Vivre ensemble

Débattre en ligne : une utopie ?

3 min.
"Comme il se passe toujours quelque chose qui mérite notre désapprobation (…), nous sommes en rage sans discontinuer", Gérald Bronner (Apocalypse cognitive)
Sandrine Warsztacki 

Sandrine Warsztacki 

"Bonjour Twitter, je cherche un endroit où me faire insulter en exprimant une opinion, c’est ici ?" Une émoticône "rire jaune" aurait été parfaite pour accueillir la citation de cette "twitteuse" qui, en 140 signes, résume à elle seule, toute la difficulté de mener un débat constructif sur les réseaux sociaux. 

Le problème, ceci dit, ne date pas d’hier. Dans L’art d’avoir toujours raison, Arthur Schopenhauer décrypte avec un sarcasme savoureux comment la recherche du dernier mot dans une discussion l’emporte sur la quête de la vérité. Dans ce traité paru en 1864, le philosophe allemand présente 38 techniques de débat (ou plutôt de combat) à faire pâlir de jalousie les trolls qui hantent nos réseaux sociaux. Citons, entre autres, le coup dit de "l’extension" qui consiste à "reprendre la thèse de l’adversaire en l’élargissant hors de ses limites naturelles, en lui donnant un sens aussi général et large que possible et l’exagérer tout en maintenant les limites de ses propos, positions aussi restreintes que possible." Celui de l’"exagération", aussi : "nous pouvons, par la provocation, inciter l’adversaire à aller au-delà des limites de son argumentation pour le réfuter et donner l’impression que nous avons réfuté l’argumentation elle-même". Ou encore, le très redoutable argument ad personam : "cela consiste à passer du sujet de la dispute (que l’on a perdue) au débatteur lui-même en attaquant sa personne (…) C’est une stratégie très appréciée car tout le monde peut l’utiliser".

L’indignation permanente

L’être humain n’a pas attendu la fibre optique et le wifi pour chercher la confrontation, observe le sociologue français Gérald Bronner dans un essai critique sur les biais cognitifs :  "Quelles que soient ses formes, la conflictualité nous intéresse. (…) Parce que nous sommes des êtres profondément sociaux, les humains se sentent toujours obscurément impliqués dans un conflit, même lorsque celui-ci ne les regarde pas directement".  Mais l’anonymat relatif et le sentiment de protection conférés par les réseaux sociaux a encouragé une forme de désinhibition dangereuse, poursuit l’auteur de Apocalypse cognitive.  

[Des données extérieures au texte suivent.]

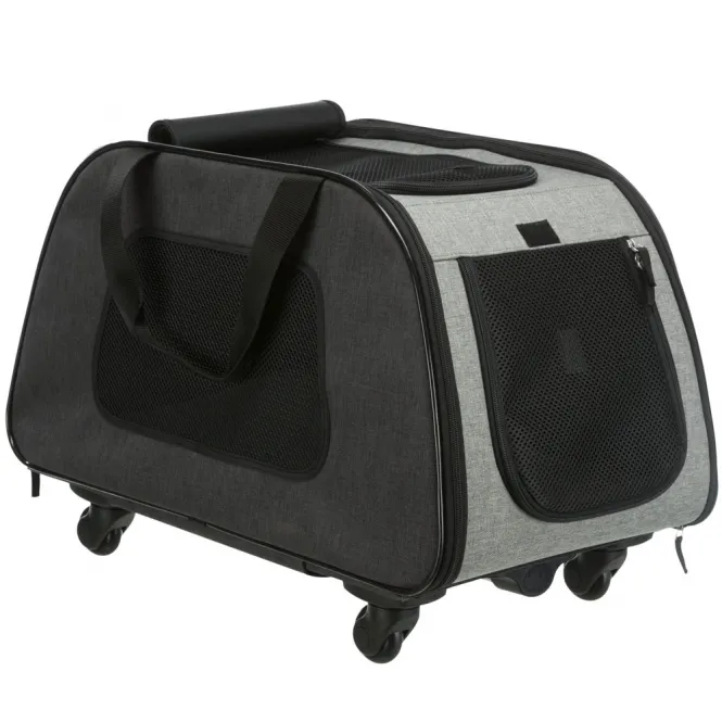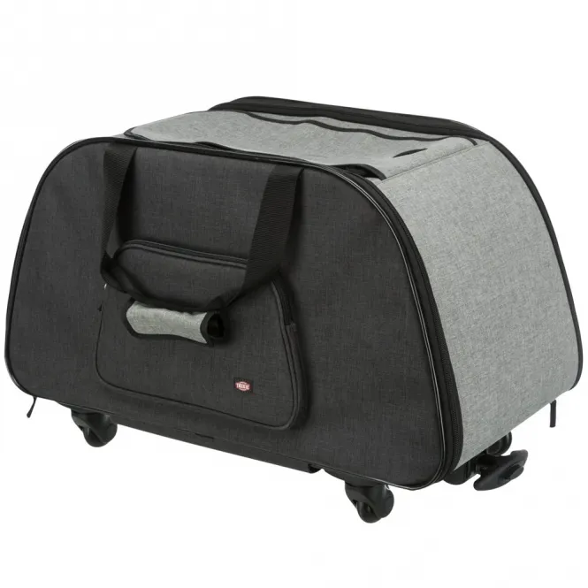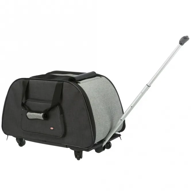 Ein integriertes Nebenfach fasst Trinkflasche, Leckerlis oder Spielzeug sicher weg. Das abnehmbare Polsterbezug ist bei 30 °C handwaschbar, und das Nylongewebe lässt sich kinderleicht abwischen. Zusammengeklappt misst der Trolley kompakt 70 x 39 x 16 cm – platzsparend verstaut und immer griffbereit. Außenmaße: 65 x 38 x 44 cm, Tasche ohne Fahrwerk: 35 cm Höhe.

Selon une étude de l’université de Pennsylvanie, les articles qui véhiculent de la colère sont trois fois plus partagés que les autres. L’indignation est également un puissant moteur de partage. En 2019, les internautes se sont indignés 182 fois en moyenne sur l’année, pour des motifs allant du plus noble (le harcèlement, le racisme) au plus futile (une incivilité, un match de foot). "Le moindre événement, aussi banal soit-il se transforme en enjeu moral impératif sur lequel tout le monde doit prendre position. Chacun de ces événements donne l’occasion aux individus d’exhiber leur intransigeance et la beauté de leur âme. Comme il se passe toujours quelque chose qui mérite notre désapprobation (…), nous sommes en rage sans discontinuer", ironise le sociologue. 

Réhabiliter la nuance

À l’heure où il convient d’avoir un avis sur tout, et surtout, de le partager bruyamment, y a-t-il encore une place dans le débat public pour entendre la nuance ?  "Il n’y a pas si longtemps, le terme évoquait la subtilité, la réflexion complexe, le sens de la dialectique ; il sonne aujourd’hui comme une faiblesse, un manque de colonne vertébrale, une absence de convictions" , observe la journaliste Natacha Tatu dans le Nouvel Obs. Aujourd’hui "chacun est sommé de choisir son camp, de s’engager dans le pour ou le contre, de dégommer l’adversaire en l’assommant de certitudes, voire en ‘l’effaçant’ carrément comme le veut la progression alarmante de la 'cancel culture' importée des États-Unis."   

À l’instar des bits qui composent les informations qui circulent sur nos ordinateurs, nous avons le sentiment de vivre dans un monde binaire. On peut pourtant débattre sans s’opposer, s’opposer sans écraser, se poser sans s’immobiliser… "Si tout est noir ou blanc, alors penser en nuances, c’est verser dans l’erreur. Mais si, au contraire, le réel se présente comme un subtil dégradé, peut-être est-ce en adoptant des positions tranchées que l’on est sûr de raconter n’importe quoi", plaide Alexandre Lacroix, rédacteur en chef de Philosophie magazine. Car loin d’être fade, la nuance est au contraire le moyen le plus sûr de redonner un peu de couleurs aux débats.